Musical drama "Fifty Years Later" to debut on March 20

Lights shone on a stage, empty but for two narrators.  The first addressed the imaginary audience, her voice projecting nuance and well-timed emphasis.

“Diane Nash later said,” she paused and held character, turning imperceptibly toward the dark wings.  “Diane Nash later said…” Her brow furrowed and laughter erupted from the set behind her.

“I’m sorry,” chuckled the girl who would be Diane Nash.  “Where are we, page four?”

She stepped on stage and flipped through her script as the narrators giggled, now entirely out of character.  With one last snicker, she cleared her throat, becomes Diane Nash, and delivered her line. 

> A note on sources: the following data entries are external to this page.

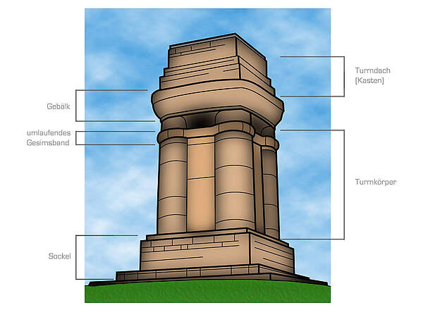 Die 23 m hohe Sandsteinsäule thront auf einem quadratischen Standsockel, welcher auf einer kleinen künstlichen Anhöhe sitzt. Nach einem weiteren übermannshohen und gestuften Turmsockel erhebt sich der hohe Turmkörper. Der Turmkörper, der etwa dreiviertel der Höhe des gesamten Bauwerks einnimmt, spiegelt eine Art überdimensionierten, quadratischen kantonierten Pfeiler wider. Auf der Ostseite des Turmkörpers befindet sich ein Relief eines Adlers, der von zwei Halbsäulen gerahmt wird. Kurz vor dem Abschluss des sich verjüngenden Turmkörpers umläuft ein Gesimsband den Bau. Auf dem Turmkörper sitzt der Turmabschluss. Beginnend mit einer konkaven Gebälkzone, schließt dieser Bereich mit einer dreistufigen Kastenarchitektur, bei der die dritte und überhöhte Stufe die steinerne Grenze der Aussichtsplattform bildet.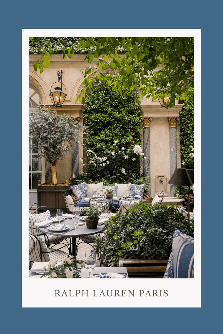 The combination of these elements creates a dining experience that’s both stylish and comfortable, in line with Ralph Lauren’s signature aesthetic of classic American luxury with a touch of French charm. Ralph’s Restaurant in Paris is everything we love about outdoor dining. I have created a mood board above to include a few pieces from the Beautiful House Collection and some images from my own garden and outdoor living area.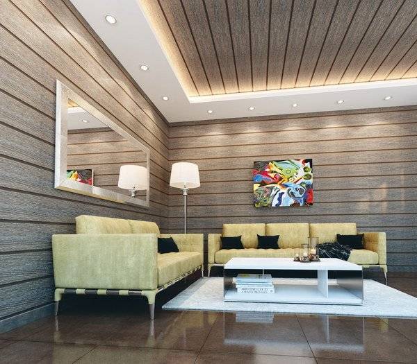 - Кроме этого, в комнатах, которые объединяют зону отдыха и столовую, можно сделать комбинированную обшивку панелями по горизонтали. Снизу до половины стены разместится материал темного цвета, а сверху – светлого. Чтобы скрыть места между переходами цветовой гаммы, рекомендуется установить дополнительный декор из деревянной планки. Интересно также выглядят в гостиных стены, которые обшиты панелями вертикально от пола до потолка. Благодаря тому, что материал, прикрепленный к основанию, приобретает планочную структуру, поверхность получается полосатой, в результате чего пространство визуально расширяется.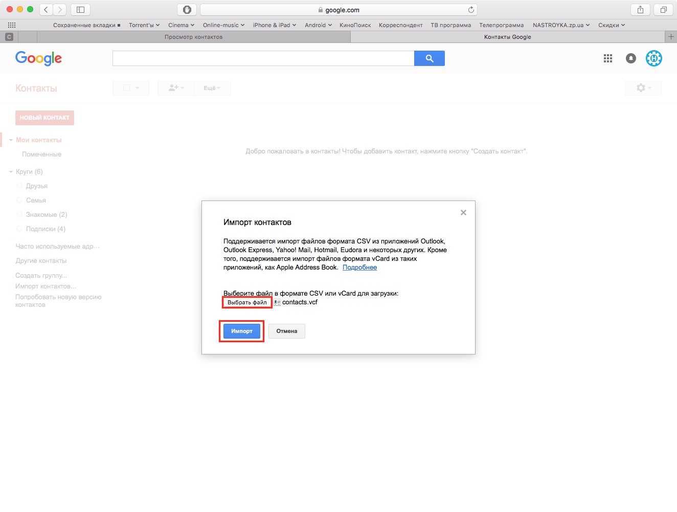 В сплывающем окне нажмите кнопку Выбрать файл и укажите место с резервной копией контактов, после чего нажмите Импорт. Через несколько секунд все ваши контакты появятся на странице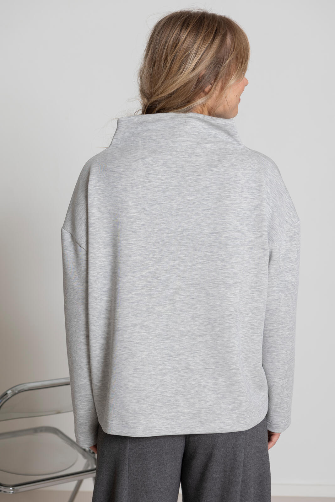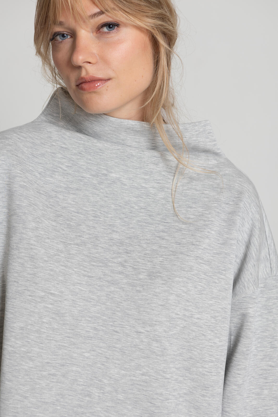 Een nieuw model sweater: prettig oversized en met een verlaagd ingezette mouwen en een brede turtleneck.

As if on cue, the jocularity dissipated and is replaced with somber intensity.  Given the subject of the play, one hardly wonders why.

Dramatizing the Civil Rights Movement

Fifty Years Later is a musical drama that examines the social and political upheaval of the 1960s, sparing little of the violence, racism and fundamental injustices that pervaded the country.  Told through songs, multimedia displays and monologues, this production aims to unsettle but ultimately educate the audience. 

With this drama, director Mark Robison has finally found the creative outlet for an idea that he said has been “rattling around in my brain for the last four or five years.”  That idea was inspired by the work of James Weldon Johnson, a prominent black American activist of the early twentieth century. “I wanted to dramatize his poems and it eventually morphed into this,” the Union College English professor said, indicating the stage and the students. “The protest songs sucked me in, too, and so it became a commemoration of the Civil Rights Movement.”

Indeed, the songs have become the foundation upon which the play is built.  With the help of music professor Dan Lynn, these gospel hymns, freedom songs and soulful refrains resound in full harmony, often accompanied by actor-musicians Slade Lane, Pablo Colindres, and J-Fiah Reeves on guitar, bass, and percussion.

“This play is about the music,” said Robison, his toes tapping along to one of the many songs.  “The stories just fill in around it.”

These stories flow from the music, but are also inspired by the events, poems and figures of the Civil Rights Movement. And because of its broad and diverse nature, Robison wanted the second act of Fifty Years Later to be conceptualized, written, and directed entirely by the students themselves.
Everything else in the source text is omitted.